In my last post, about luxuries and necessities, I did not include my computer.
This is a necessity as I use it for document production and storage. It is a tool. One doesn't need to know how a pencil is made in order to use it, and so it goes with a computer, although mine does seem to need cosseting beyond my technological nous.
Regarding the internet, and its social, rather than commercial, value, my (limited) access is also much needed as it enables me to stay in touch with what's going on in the world, internationally, nationally and socially. Some may think that blogging is a luxury but, hey, I need a creative outlet. I also recognise its power to open links to markets, especially for SMEs, and for the fast dissemination of information.
With the global economic downturn, the internet is partly responsible for the diminishing power of newspapers in their paper editions.
To celebrate 26 years of publication a recent editorial
in the Jakarta Post stated:Many people may still like to read a paper over breakfast
- I do, and in the loo - but unfortunately, when it comes to running a newspaper, this is not the main determining factor in its survival. Newspapers are going out of business not because they are losing readers but because they are no longer commercially viable with the sharp decline in the advertisement revenue.Many papers have fully migrated to the digital world. Online news has many advantages over print, such as the capacity to provide news in real time (as opposed to the next morning); it is interactive; and it has audio-visual capabilities. Online news also cuts a large chunk off the costs incurred by newspapers, from newsprint and printing, to delivery services. In short, online news runs on a completely different business model, and one where turnover is on a much smaller scale given the significantly lower costs.The Jakarta Post is not in that position to migrate completely yet, although we believe a time will come when we will need to. We are preparing for that eventuality even as we continue to improve the quality of our newspaper. We are investing heavily in our news portal, investing money and man hours to run and develop what is essentially going to be the main medium for The Jakarta Post to deliver the news.

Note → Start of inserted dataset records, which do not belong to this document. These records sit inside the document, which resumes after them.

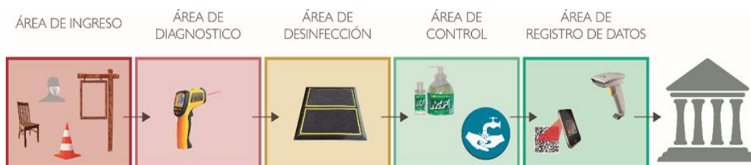
Imagen 1. Propuesta de secuencia de áreas de monitoreo sanitario y desinfección previo a ingreso a museos
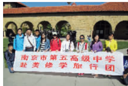
赴美修学旅行团斯坦福大学之行
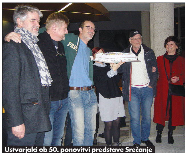
Ustvarjalci ob 50. ponovitvi predstave Srečanje

lahko zaustavimo pri vsakem igralcu, obudimo spomine na njegove vloge in slišimo tudi njegov glas. Razstavo so
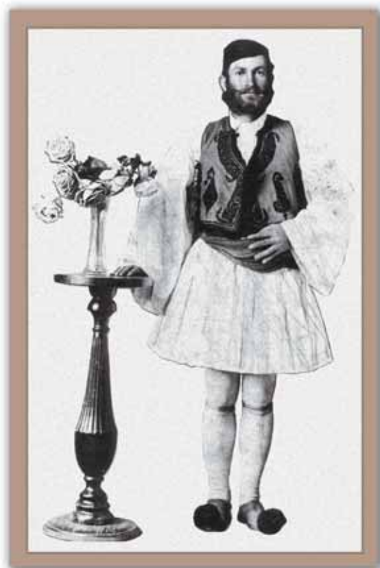
Μερικοί Έλληνες μετανάστες ήρθαν από τη Ρούμελη στην Αμερική με τη φουστανέλα τους.
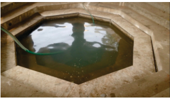
ਗੁਰਦੁਆਰਾ ਸੀਤਲ ਜਲ ਚਸ਼ਮਾ, ਰਾਜਗੀਰ

ਨੇ ਰਾਜਧਾਨੀ ਪਾਟਲੀਪੁਤ੍ਰ ਬਣਾ ਲਈ ਸੀ। ਜੈਨ ਧਰਮ ਦੇ ਭਗਵਾਨ ਮਹਾਂਵੀਰ ਨੇ ਇਥੇ 14 ਸਾਲ ਬਿਤਾਏ।

Whilst understanding their argument, I have two caveats.
Firstly, Indonesia is not ready. At the end of last year, internet penetration
was at a lowly 11%, say 25 million. Mind you, the bureaucracy isn't interested in technological efficiency, as clearly demonstrated in the delay in the counting of votes from the recent-ish election. This delay
is as much to do with antiquated equipment as it is with the 'commissions' taken from its procurement.
There is also the matter of education. Although the national exams are in a computer biased multi-choice format, thus virtually abolishing creative thinking in favour of schooling in test taking, there is a wider aspect to consider.
Collecting a book of faces and twittering inconsequentially is a passing fad, but also, given the widgets and wotsits littering locally produced websites
, webmasters and internet users need to learn, or be taught, to keep things simple, stupid.
Still, that's not just restricted to Indonesia.
The following email exchange was generated by a relative in internet wealthy mainland Europe who forwarded it to me at Easter. Incidentally, I've yet to receive a reply.----- Original Message 1 ----- Hello Everyone,Ericsson is distributing free laptops for their brand promotion. They are hoping to increase their popularity and sales by this campaign. All you need to do is send an email about this promotion to 8 people and you will receive an Ericsson T18 Laptop. However, if you send an email to 20 or more people, you will receive an Ericsson R320 Laptop.Kindly ensure you copy Anna at Ericsson so that she knows you have sent the e-mail.----- Original Reply -----
Greetings from Jakarta F.
There is no proof that Ericsson is distributing free laptops. Why should they? After all, they're now part of the Sony empire. This email does not originate with Ericsson either.
What it does appear to be is a 'fishing' trip by criminals seeking to control our computers through 'malware'. In exposing everyone by using the Cc option ~ 160
addresses are on this one email ! ~ rather than Bcc, it only takes one of the 'named' recipients to be infected for the virus to spread to others. Note that I've removed the 'hyperlinks' by sending this in 'plain text', another safety measure.
It's mindboggling to know that there are still internet users out there who do not have a regularly updated firewall and virus detection programme installed.
So if you do make future mass mailings, please use Bcc. Oh, and don't include large (i.e. more than 100kbs.) of attachments. With my dial up connection I feel lucky to occasionally have a speed of 2kbs per second.)